Peter Rose and Anne Conlon are music theatre writers, well known for their environmental musicals for children, who were commissioned by WWF-UK to write several environmental musicals as part of an education plan. Some were narrated by David Attenborough, and broadcast on television in numerous countries.
The British pop group S Club 7 were ambassadors for WWF-UK during their time together as a band (1999–2003). Each of the members sponsored an endangered animal, and in 2000, traveled to the various locations around the world of their chosen animals for a seven-part BBC documentary series entitled S Club 7 Go Wild.
Environmentally Sound: A Select Anthology of Songs Inspired by the Earth is a benefit album released in 2006, for WWF-Philippines, featuring artists that included Up Dharma Down, Radioactive Sago Project, Kala, Johnny Alegre Affinity, Cynthia Alexander, and Joey Ayala.
In June 2012, WWF launched an online music download store with fairsharemusic from which 50% of the profit goes to the charity.
In April 2015, Hailey Gardiner released her solo EP, titled The Woods. In honor of Earth Day, 15% of the proceeds made towards the purchase of the EP would be donated to the WWF.

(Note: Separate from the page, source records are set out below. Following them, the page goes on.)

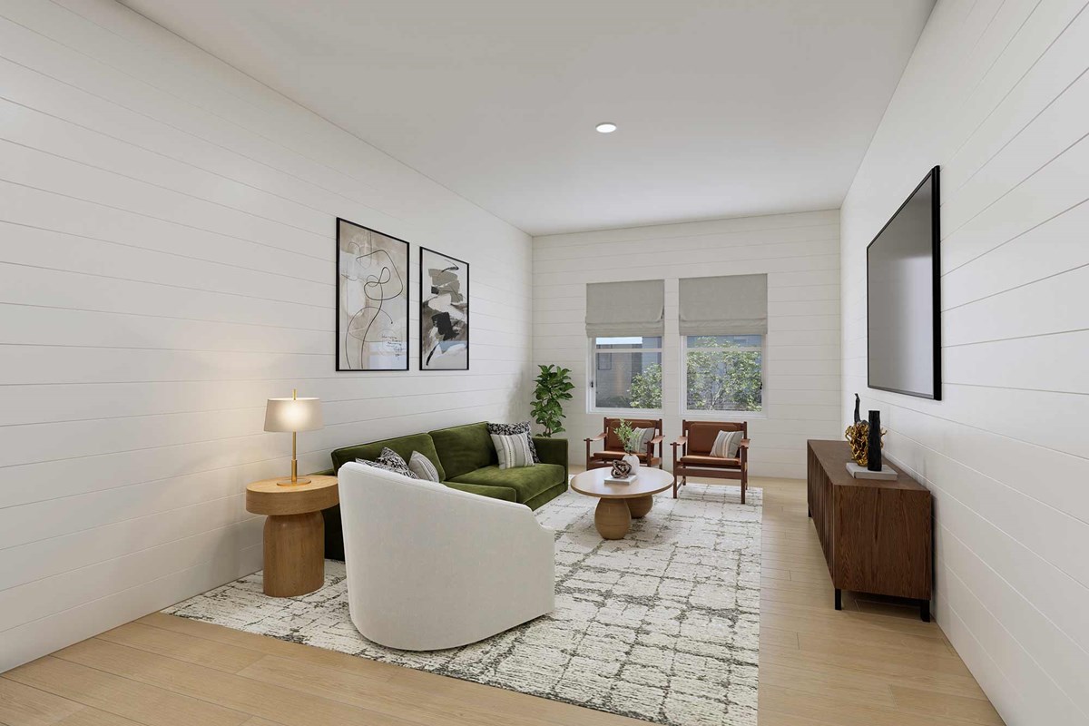 A study and guest suite grace the front of this home while three spacious bedrooms, two full bathrooms and an additional gathering space rest on the upper level.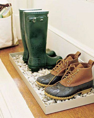 - Le moyen le plus simple de garder vos chaussures bien en vue est plateau ou palette, qui est placé près de la porte d'entrée. Sur demande, les palettes sont remplies de pierres ou d'autres charges résistantes à l'humidité. L'option la plus budgétaire est une palette en plastique. Vous pouvez y mettre vos chaussures juste après votre retour à la maison.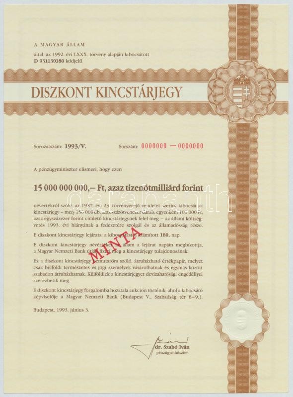 Beschreibung: Budapest 1993. "Diszkont Kincstárjegy" százötvenezer 100.000Ft névértékű kincstárjegy egyben, összesen 15.000.000.000Ft-ról, szárazpecséttel, "MINTA" felülbélyegzéssel és "0000000"-ás sorszámmal T:I

Controversies and disputes

ARD documentary and PandaLeaks book 
The German public television ARD aired a documentary on 22 June 2011 that claimed to show how the WWF cooperates with corporations such as Monsanto, providing sustainability certification in exchange for donations– essentially greenwashing. WWF has denied the allegations. By encouraging high-impact eco-tourism, the program alleges that WWF contributes to the destruction of habitat and species it claims to protect while also harming indigenous peoples.

The filmmaker, German investigative journalist Wilfried Huismann, was sued by the WWF over his documentary and the book Schwarzbuch WWF published in 2012, which was based on the documentary. In an out of court settlement, he agreed to remove or revise certain claims. Speaking on behalf of WWF Germany, Marco Vollmar indicated "[Huismann] draws a distorted picture of false statements, defamations and exaggerations, but we will accept that as expressions of opinion." (Translated from the original German: "")

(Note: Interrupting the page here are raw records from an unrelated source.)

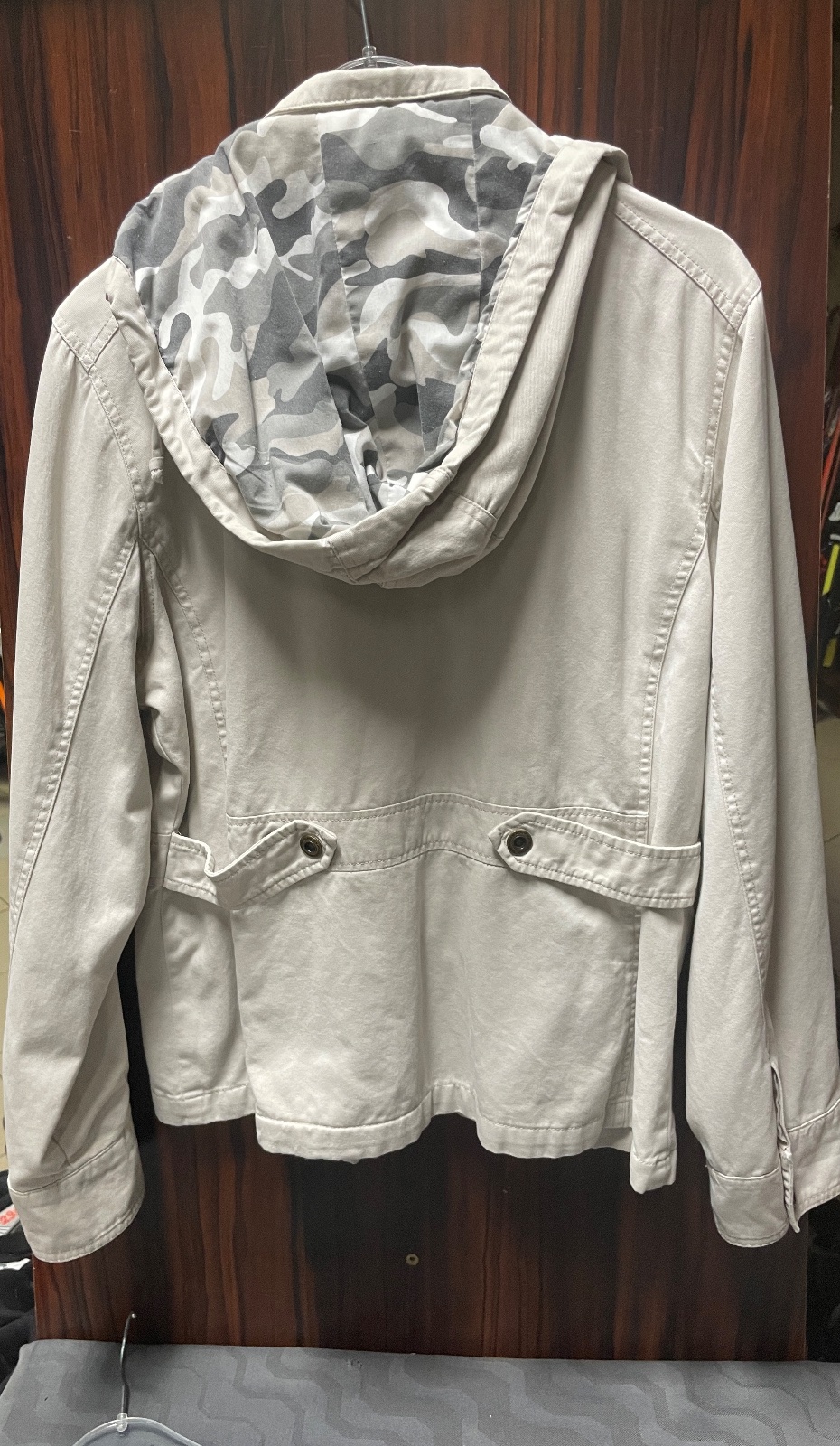 Ponúkam ľahkú bundičku bez podšívky s viacerými vreckami veľmi peknej bledej farby. Dĺžka 65 cm, hrudník šírka 57cm x 2, rukávy 64 cm; len opratá, nepoužívaná. Cena 8,50 EUR. Odber osobne v MT príp...
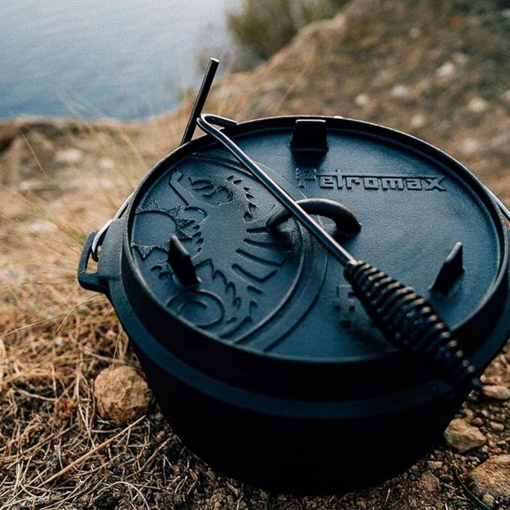 Safely lift hot cast iron lids with the Petromax Dutch Oven Lid Lifter – sturdy, heat-resistant, and built for secure handling over fire, grill, or stove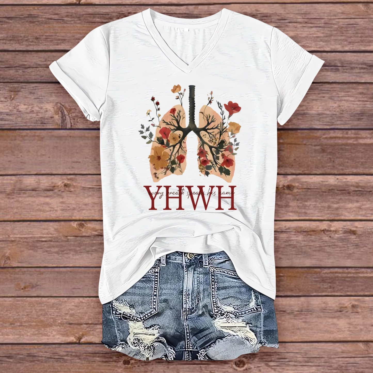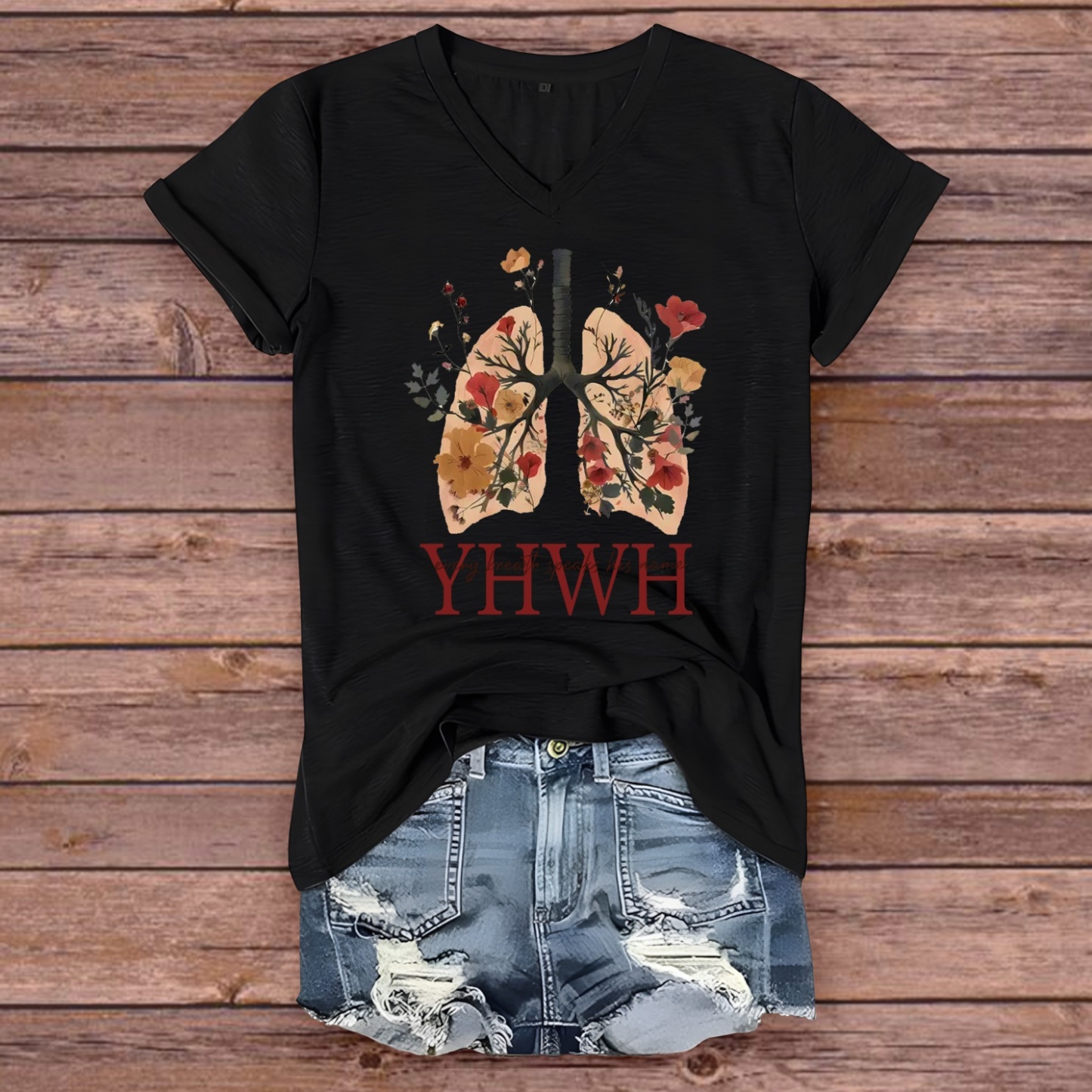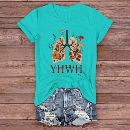 YHWH Every Breath Speak His Name Pattern V-Neck T-Shirt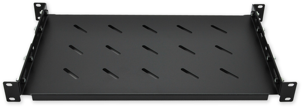 19" police s perforací, výška 1U, hloubka 250 mm, montáž do předních a zadních ližin s nosností do 40 kg, barva černá.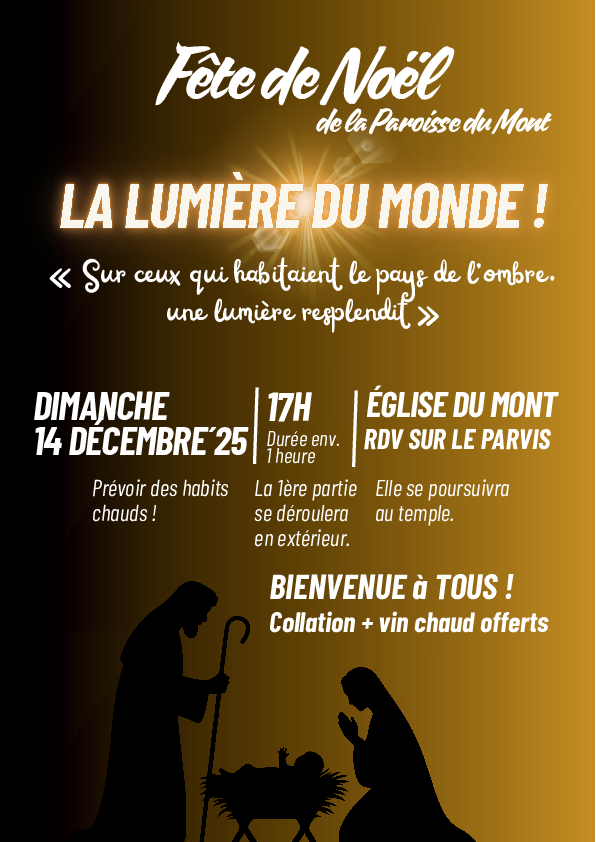 La soirée débutera à 17h le dimanche 14 décembre 2025 sur le parvis de l'église du Mont. Après une première partie en extérieure (prévoir des habits chauds), la fête se poursuivra au temple. Une collation et le vin chaud seront offerts.

In 2014, Huismann published a revised edition of his 2012 book, originally called The Silence of the Pandas. The original edition had become a bestseller in Germany, but was banned from Britain until 2014, when it was released under the title of PandaLeaks – The Dark Side of the WWF, after a series of injunctions and court orders. The book criticizes WWF for its involvement with corporations that are responsible for large-scale destruction of the environment, such as Coca-Cola, and gives details into the existence of the secret 1001 Club, whose members, Huismann claims, continue to have an unhealthy influence on WWF's policy making. WWF has denied the allegations made against it.

Corporate partnerships 
WWF has been accused by the campaigner Corporate Watch of being too close to business to campaign objectively. WWF claims partnering with corporations such as Coca-Cola, Lafarge, Carlos Slim's and IKEA will reduce their effect on the environment.  WWF received €56 million (US$80 million) from corporations in 2010 (an 8% increase in support from corporations compared to 2009), accounting for 11% of total revenue for the year.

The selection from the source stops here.